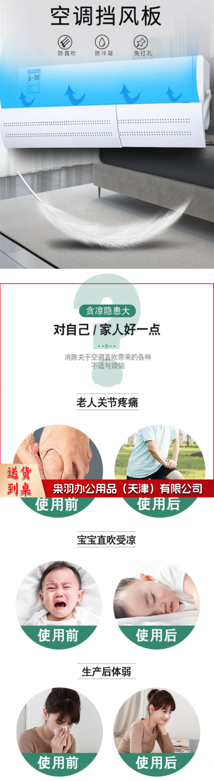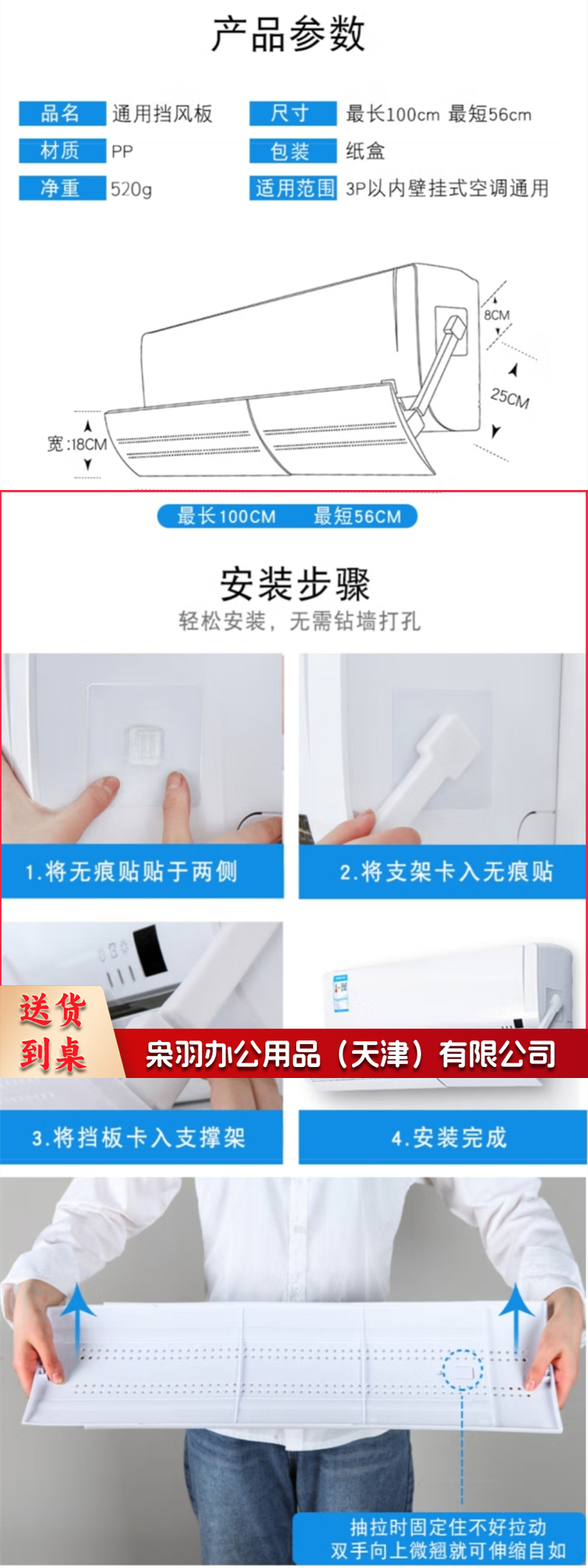 免打孔空调挡风板防直吹空调挡板遮风板格力美的海尔奥克斯挂式通用
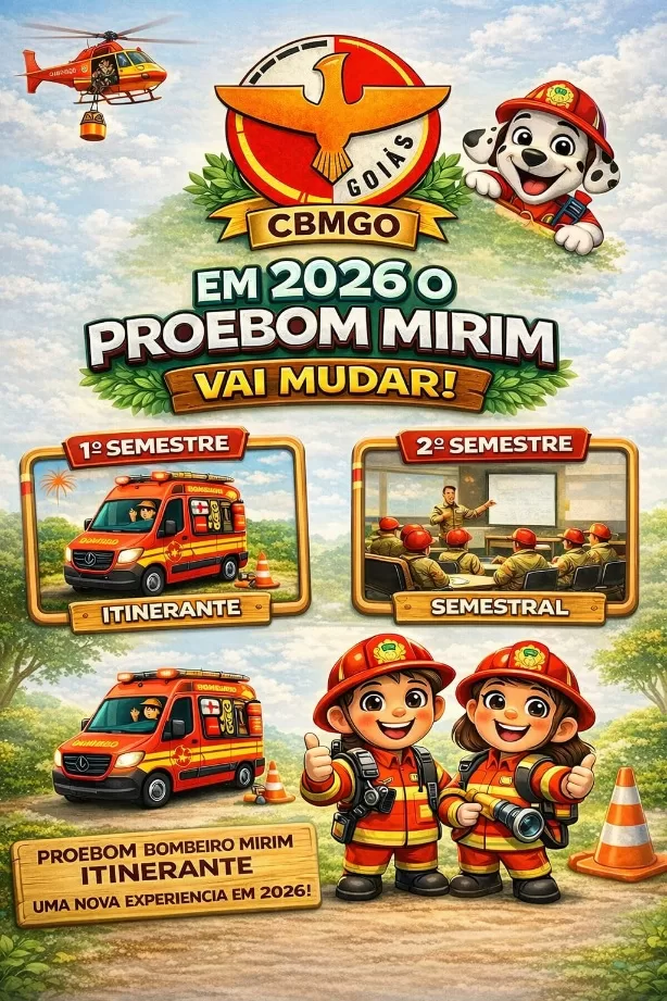 O Corpo de Bombeiros Militar do Estado de Goiás (CBMGO) anunciou a execução do Programa Educacional Bombeiro Mirim Itinerante (PROEBOM Itinerante) no primeiro semestre de 2026. A iniciativa tem como objetivo promover educação cidadã, prevenção de riscos, disciplina e valores sociais para crianças da rede municipal.
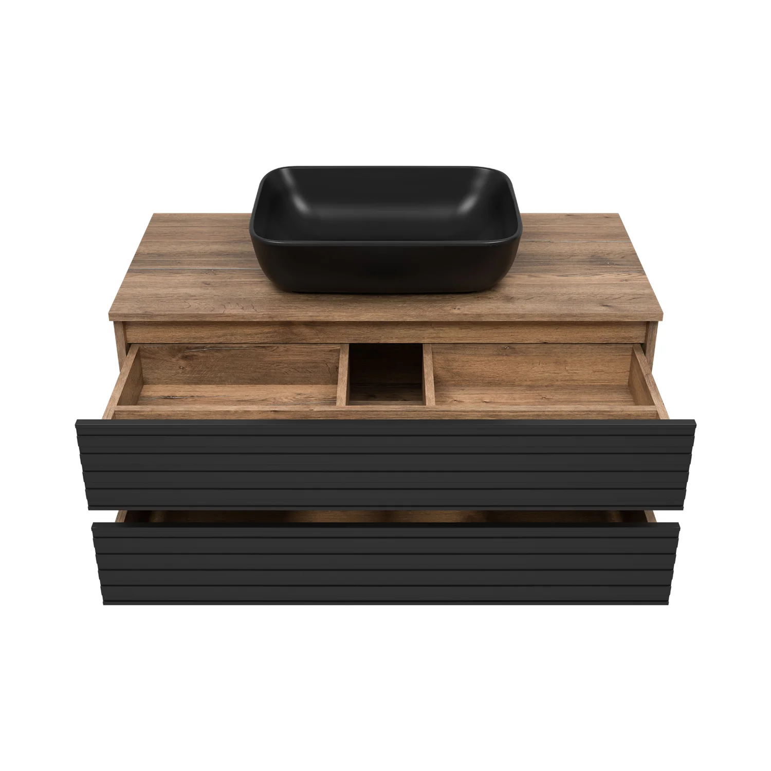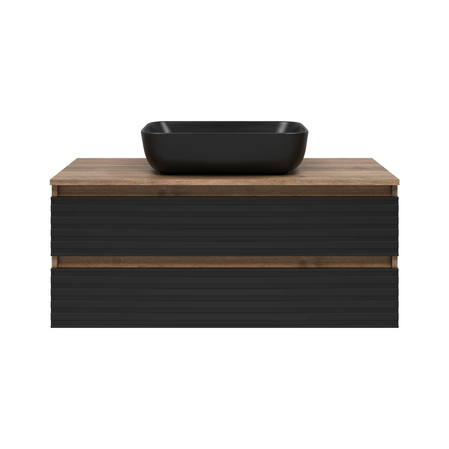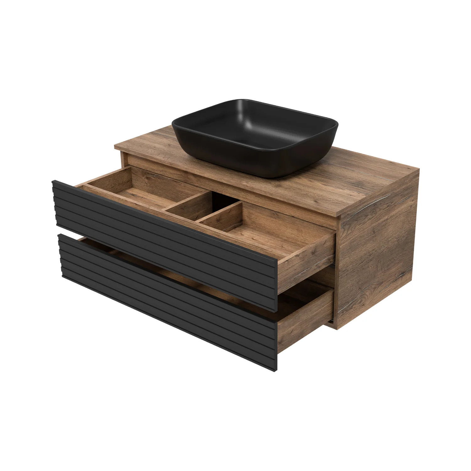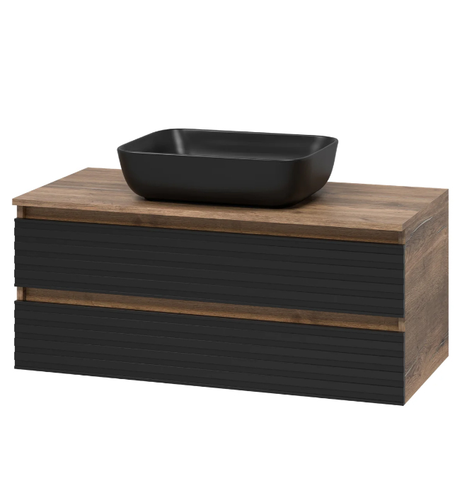 Тумба подвесная с раковиной Brevita Dakota 100 дуб гал черный кварц УТ000014653
__________
Line by line and exactly, write out the material above. Skip the pictures.

§ **Output below**
 免打孔空调挡风板防直吹空调挡板遮风板格力美的海尔奥克斯挂式通用
 O Corpo de Bombeiros Militar do Estado de Goiás (CBMGO) anunciou a execução do Programa Educacional Bombeiro Mirim Itinerante (PROEBOM Itinerante) no primeiro semestre de 2026. A iniciativa tem como objetivo promover educação cidadã, prevenção de riscos, disciplina e valores sociais para crianças da rede municipal.
 Тумба подвесная с раковиной Brevita Dakota 100 дуб гал черный кварц УТ000014653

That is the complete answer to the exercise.